DeepEyes: Incentivizing "Thinking with Images" via Reinforcement Learning

DeepEyes is a Large Vision-Language Model that leverages reinforcement learning to natively learn "thinking with images" through active perception, enabling it to strategically ground reasoning in visual information without requiring pre-collected reasoning data and achieving significant improvements in perception, reasoning, and grounding tasks.

Ziwei Zheng, Michael Yang, Jack Hong, Chenxiao Zhao, Guohai Xu, Le Yang, Chao Shen, Xing Yu

Published 2026-03-03
📖 5 min read🧠 Deep dive

DeepEyes: Teaching AI to "Look Before It Leaps"

Imagine you are taking a difficult math test, but instead of just reading the question, you are allowed to use a magnifying glass to inspect the diagram, zoom in on tiny numbers, or even rotate the paper to see it from a different angle. Most current AI models are like students who are forced to answer only by reading the text, even if the answer is hidden in a tiny detail of a picture. They often guess based on what they think the text should say, rather than what the image actually shows.

DeepEyes is a new AI model that learns to stop guessing and start looking. It learns to "think with images" by actively zooming in, cropping, and examining parts of a picture just like a human would.

Here is how it works, broken down into simple concepts:

1. The Problem: The "Blind" Genius

Current AI models (Vision-Language Models) are incredibly smart at reading and talking. They can describe a picture perfectly. But when it comes to reasoning about the picture, they often act like a person reading a map in the dark. They rely on their memory of what maps usually look like rather than actually looking at the specific details in front of them.

  • The Analogy: Imagine a detective trying to solve a crime. A standard AI is like a detective who reads the police report and guesses who the culprit is based on the description. DeepEyes is the detective who puts on a magnifying glass, walks over to the window, and actually looks for the fingerprints.

2. The Solution: Active Perception (The "Magnifying Glass" Skill)

DeepEyes doesn't just stare at the whole image. It has a special ability called Active Perception.

  • How it works: As the AI thinks through a problem, it can decide, "Wait, I can't see the clock clearly from here. I need to zoom in on the bookshelf."
  • The Magic: It generates a "crop" (a zoomed-in picture) of that specific area, adds it to its memory, and continues thinking. It can do this multiple times, building a chain of thought that mixes text and zoomed-in images.

3. How It Learned: The "Video Game" Method

Usually, to teach an AI to do something complex, humans have to write out thousands of examples of "Step 1: Look here, Step 2: Say this." This is slow and expensive.

DeepEyes learned differently. The researchers used Reinforcement Learning, which is like training a dog or a video game character:

  • No Cheat Sheets: They didn't give the AI a pre-written script.
  • The Reward System: They let the AI try to solve problems on its own.
    • If it guessed the answer without looking, it got a low score.
    • If it guessed correctly after zooming in and checking the details, it got a bonus reward.
  • The Result: Over time, the AI realized that "looking closer" was the key to winning. It learned to use its "magnifying glass" instinctively, just like a human learns to squint when reading small print.

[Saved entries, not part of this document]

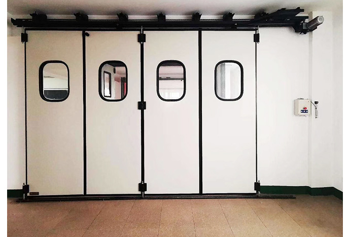 工業(yè)電動折疊門的門扇常見的四扇、六扇、八扇等,這是根據(jù)門洞的寬度來決定的。門扇又分為邊門扇和中門扇,其中邊門扇一邊的邊框與中門扇之間通過鉸鏈來進行連接,邊門扇另一邊門框的上下端則是分別裝有上、下轉(zhuǎn)軸,轉(zhuǎn)軸與門洞兩邊門框的上、下轉(zhuǎn)軸座相連接,如斯以來當邊門框繞著一邊挺旋轉(zhuǎn)時,就會同時帶動中門扇一起旋轉(zhuǎn)至90°,從而便門扇實現(xiàn)開啟和封閉動作。
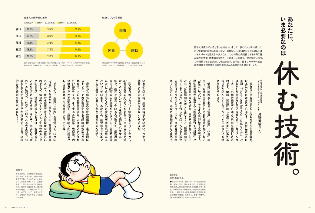 在特輯的開頭,大雄作為「休息專家(!?)」現身,並以超過 10 頁篇幅介紹他獨到的放鬆哲學。值得一提的是,8 月 7 日不只是雜誌發售日,同時也是大雄的生日!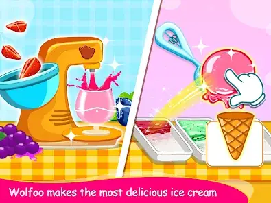 🎉? Wolfoo's Ice Cream Truck - Ice Cream Maker は、アイスクリームバーを含む多くのゲームプレイを備えた最高の My Ice Cream Shop ゲームです。この Wolfu's Ice Cream Truck ゲームは、あらゆるアイスクリームゲームの楽しさを備えた、女の子向けのアイスクリーム作り/料理ゲームです。このゲームは、子供向けの女の子と、料理やデザートメーカーのゲームが好きなすべての人向けです!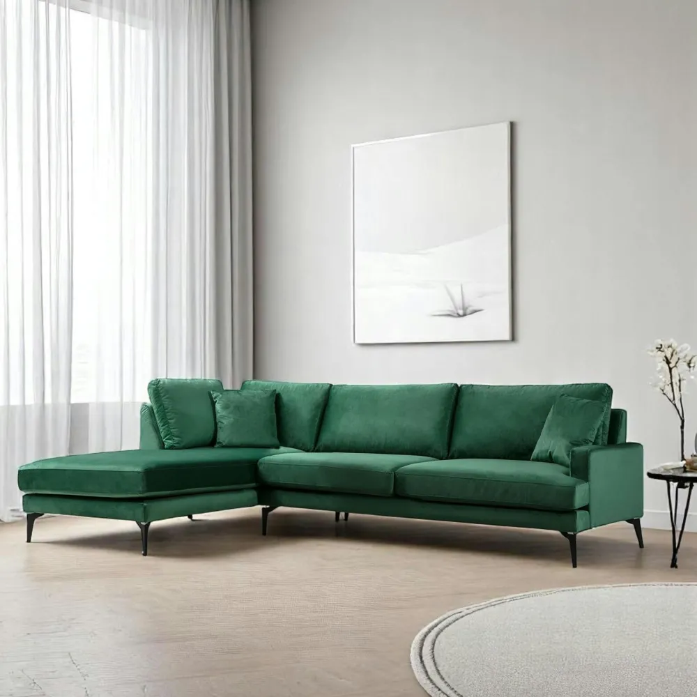 Canapés 3 Places|Canapés D’Angle|SEATTLE Canapé d’angle vert en velours – côté gauche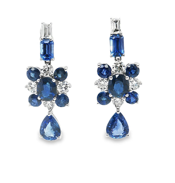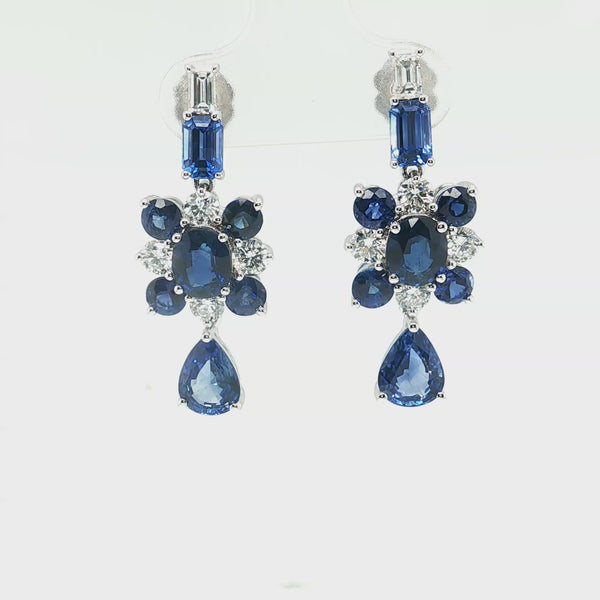 7.32 Carats Total Blue Sapphire and Diamond Dangle Earrings in 18k White Gold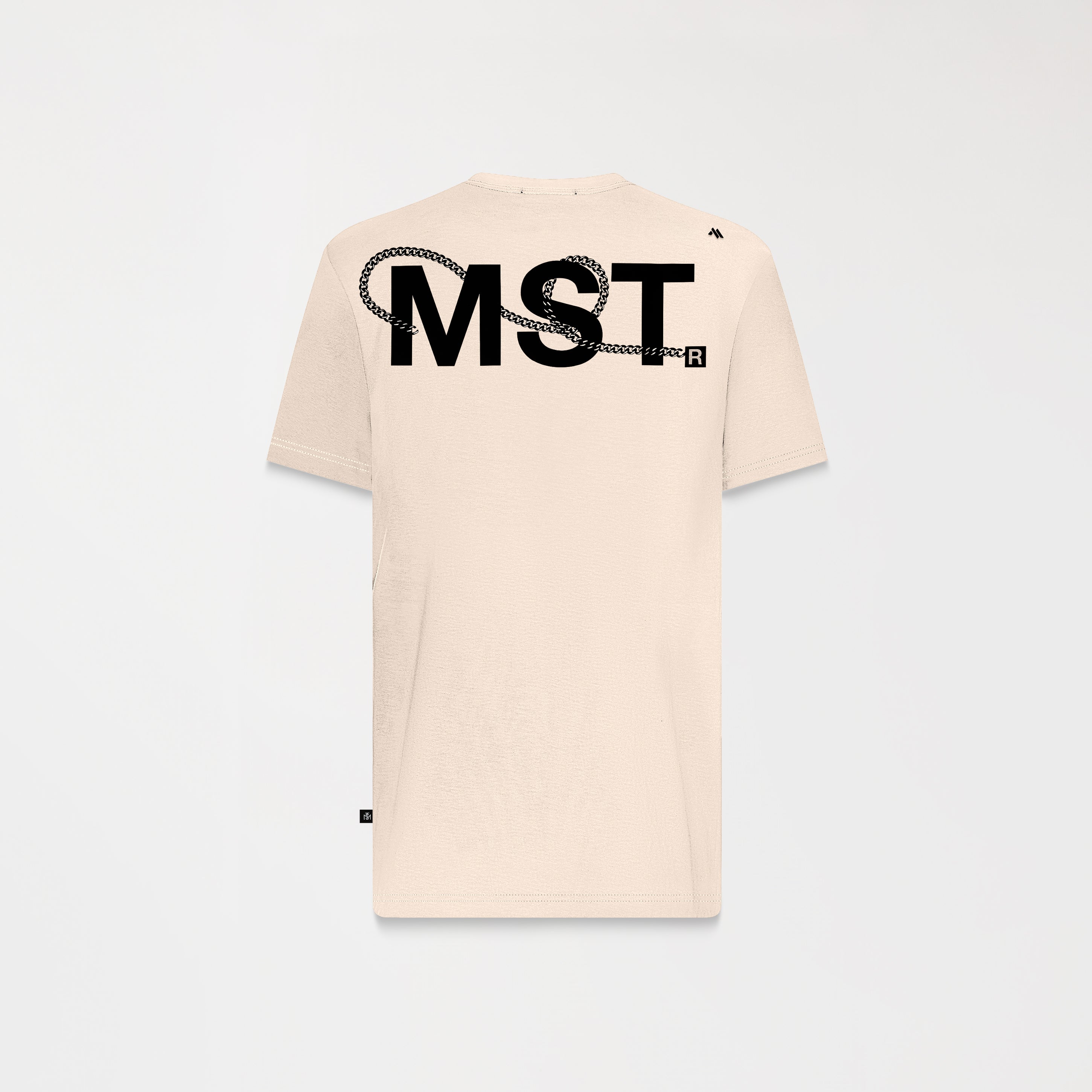 The Ramson men's t-shirt, with a bold and controlled aesthetic, is made from high-quality cotton and features a regular silhouette with a 2.5 cm ribbed neckline. The back MST logo graphic combines flat and high-density printing techniques, highlighting an intertwined chain detail that provides visual strength and sophistication. On the front, a high-density print reinforces the garment's identity. Perfect for a casual style with attitude.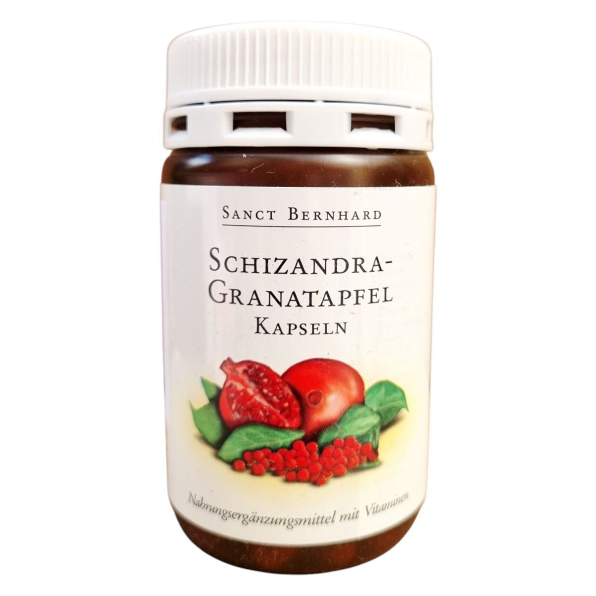 A SANCT BERNHARD Schizandra-Gránátalma kapszula egy étrend-kiegészítő, amely 90 kapszulát tartalmaz. A termék fő összetevői a schizandra és gránátalma kivonatok, amelyek antioxidáns tulajdonságokkal bírhatnak. A B6-, B12-vitamin és folsav hozzájárulhatnak az immunrendszer normál működéséhez. A kapszulák zselatinból készültek, és tartalmaznak kukoricakeményítőt, valamint csomósodást gátló anyagokat is. A termék Németországban készült, és a magyarországi forgalmazója az ODP Vital Kft. A kapszulákat száraz, sötét helyen, 25 °C alatt kell tárolni, és a gyermekektől elzárva tartandók. Az ajánlott napi mennyiséget nem szabad túllépni.
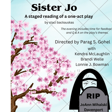 These two plays will be performed as a staged reading with a run time of approximately 40 minutes, plus a talk back/Q & A with the playwright and director.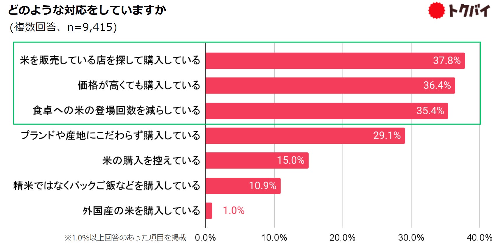 その困った状況にどう対応しているかを聞いたところ、「米を販売している店を探して購入している」37.8%、「価格が高くても購入している」36.4%、「食卓への米の登場回数を減らしている」35.4%が僅差で並びました。

4. The Evolution: From Clumsy to Master

The paper describes a fascinating journey of how the AI learned:

  1. Stage 1 (The Clumsy Explorer): At first, the AI was confused. It would zoom in randomly, like a toddler pressing every button on a remote control. It didn't know where to look.
  2. Stage 2 (The Over-Enthusiast): Then, it realized zooming helped! But it went too far. It would zoom in on everything, asking for too many pictures, wasting time.
  3. Stage 3 (The Master Detective): Finally, it became efficient. It learned to look at the whole picture, realize exactly which tiny detail was missing, zoom in once on that specific spot, and solve the problem. It learned to be strategic.

5. Why This Matters

This isn't just about solving math problems or finding clocks in living rooms. It changes how AI interacts with the world:

  • Fewer Hallucinations: AI often "hallucinates" (makes things up) because it relies on text patterns. By forcing the AI to look at the visual evidence, it stops making things up.
  • Better Reasoning: It can handle complex charts, tiny text in high-resolution photos, and tricky logic puzzles that require comparing different parts of an image.
  • Human-Like Thinking: It mimics how humans solve visual problems: we don't just stare; we scan, we focus, and we verify.

In a Nutshell

DeepEyes is an AI that learned to stop guessing and start investigating. Instead of being a passive reader of images, it became an active explorer, using a "magnifying glass" to find the truth hidden in the details. And the best part? It taught itself how to do this through trial and error, without needing humans to write out a manual for every single step.